The Panasonic Lumix DMC-FX9 may look like just another ultra-compact camera, but it has one feature that none of the competition has: image stabilization. Most people thing that’s only useful for ultra zoom cameras, but that’s not the case at all. The FX9’s OIS system will give you sharper photos in lower light conditions than a camera without it. That, along with the FX9’s other nice features, makes it a camera that I can definitely recommend.
The DMC-FX9 is an ultra-compact camera with a body made mostly of metal. It’s well built for the most part, save for the cheap plastic door over the memory card and battery compartment. The camera fits well in the hand, and it’s easy to operate. Like most cameras in this class, the FX9 features a 3X optical zoom lens. If you lower the resolution to 3 Megapixel you can take advantage of Panasonic’s extended optical zoom feature, which boosts the total zoom to 4.1X. Another feature commonly found on ultra-compact cameras is a large 2.5″ LCD display, and the FX9 has one of those too. The screen has been greatly improved since the FX7, with superior sharpness and low light visibility. The camera doesn’t have an optical viewfinder, though, which may or may not bother you.
For the most part the DMC-FX9 is a point-and-shoot camera.

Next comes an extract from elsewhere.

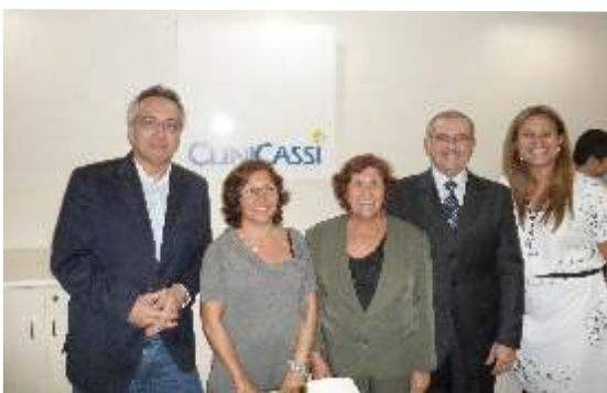
Representantes da Cassi e do BB na inauguração da sede

Com firme determinação e espírito de luta, os bancários lotados no interior de Alagoas deram substancial contribuição à greve da categoria, o que resultou no fechamento de 80% das agências, um dos maiores índices alcançados nos últimos anos. Além de cruzarem os braços, os colegas montaram piquetes e comissões de convencimento, conseguindo fechar até bancos privados. Arapiraca, mais uma vez, liderou as ações de organização e mobilização na região agreste, realizando, entre outras atividades, um protesto conjunto dos bancários com os trabalhadores dos Correios.

The only manual control is custom white balance (with a fine-tuning feature) — and that’s a handy one to have. The camera is easy to use, with plenty of scene modes and simple menus. If you need something even easier, put the camera into “simple mode” and you’re set. The FX9’s burst and movie modes are quite good. The burst mode lets you take up to six photos in a row at 2 - 2.6 frames/second, or you can keep shooting until the memory card fills up at a slower 1.1 frames/second. The FX9’s movie mode is much better than on the FX7, and it’s now competitive with other cameras in this class.